Jan 13, 2021, 8:48:31 AM1/13/21

to redo...@googlegroups.com

I'd like to share two observations regarding checksumming.

First, software builds should be depending only on the content of their inputs. In this regard, to always checksum is the solution.

Second, the idea of redo should actually be thought wider than to build software. Its core functionality is exactly the two following things: 1. a standard interface to .do files. 2. dependency tracking. That's it. Every other assumption about what redo should do implicitly is necessarily counterproductive to some usage scenario.

The supposition that a .do target should not be run just because its dependency didn't change its content is plain wrong. Suppose I would like to run some .do target that inserts a message into a log. Suppose also this message could be produced into a file just naturally by another .do target. With ckecksumming, I would need to artificially enforce that the message is different each time, otherwise my log target would not trigger. But I already have that information available to redo, it's the message file's ctime.

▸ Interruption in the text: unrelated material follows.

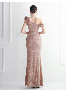 Refined Golden Rose Sequined Evening Gown with Asymmetric Neckline

Generally speaking, sometimes time IS the measure I would like to use to make a decision on rebuilds. goredo forces me to convert time into content by dumping a timestamp into a file.

The interpretation of what ctime and hash value mean for the out-of-dated'ness of a build product is artificially fixed in goredo, while it is left to the user in apenwarr/redo.

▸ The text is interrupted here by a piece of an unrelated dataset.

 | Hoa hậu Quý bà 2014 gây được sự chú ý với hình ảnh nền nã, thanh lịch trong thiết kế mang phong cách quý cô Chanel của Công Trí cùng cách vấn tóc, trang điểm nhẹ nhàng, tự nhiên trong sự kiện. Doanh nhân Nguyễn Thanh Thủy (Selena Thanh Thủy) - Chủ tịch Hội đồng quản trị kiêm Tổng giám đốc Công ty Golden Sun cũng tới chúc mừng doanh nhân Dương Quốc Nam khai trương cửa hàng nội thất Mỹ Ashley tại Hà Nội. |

I acknowledge that goredos implementation is convenient but would like to encourage you to provide a complement to redo-stamp, like redo-timed, to give the user a tool to mark do targets as time-based only.

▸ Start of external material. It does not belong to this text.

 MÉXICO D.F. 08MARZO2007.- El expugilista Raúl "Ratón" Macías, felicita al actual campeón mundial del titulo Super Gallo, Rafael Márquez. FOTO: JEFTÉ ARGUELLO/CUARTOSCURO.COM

One last point: apenwarr's comment on hashes being unreliable is valid. So at the very least, goredo should make a three step decision (maybe that is done already) and take the ctime, file size, and hash into account.

Kind regards,
–Michael

Sergey Matveev

unread,

Jan 13, 2021, 9:45:30 AM1/13/21

to redo...@googlegroups.com

*** spacefro...@meterriblecrew.net [2021-01-13 13:48]:

>I acknowledge that goredos implementation is convenient but would like to encourage you to provide a complement to redo-stamp, like redo-timed, to give the user a tool to mark do targets as time-based only.
>One last point: apenwarr's comment on hashes being unreliable is valid. So at the very least, goredo should make a three step decision (maybe that is done already) and take the ctime, file size, and hash into account.

Good points! However...

As I can see, we (the users of redo) have various requirements for OOD
detection: one wants checksumming, another one wants mtime (like Make),
another one wants more "sensitive" ctime, someone wants possibly yet
another dependency decision source. Lack of (auto)checksumming is
inconvenient in practice for software build (really good point). But
some implementations provide redo-stamp for tuning/altering dependency
behaviour. Auto-checksumming seems may hurt other use-cases and you
suggest to create redo-timed to alter dependency tracking behaviour in
completely the opposite way :-). Completely opposite (purely time/inode
based vs purely checksum-based). So there can not be any kind of golden
mean, as I can see.

Seems that ideally you should explicitly tell redo what kind of
dependency tracking it must use: stamp/time/size/go.sum-like-checksums
or whatever user wishes. That will satisfy any user's requirements. But
of course IMO that is not convenient. Probably you can configure some
kind of default behaviour per project/directory and use redo-stamp/timed
in .do only for overriding.

But with that way redo is becoming some kind of huge and complicated
tool. User has to understand and determine what he wishes for and choose
redo-stamp/timed/whatever in his .do targets. That complexity is bad.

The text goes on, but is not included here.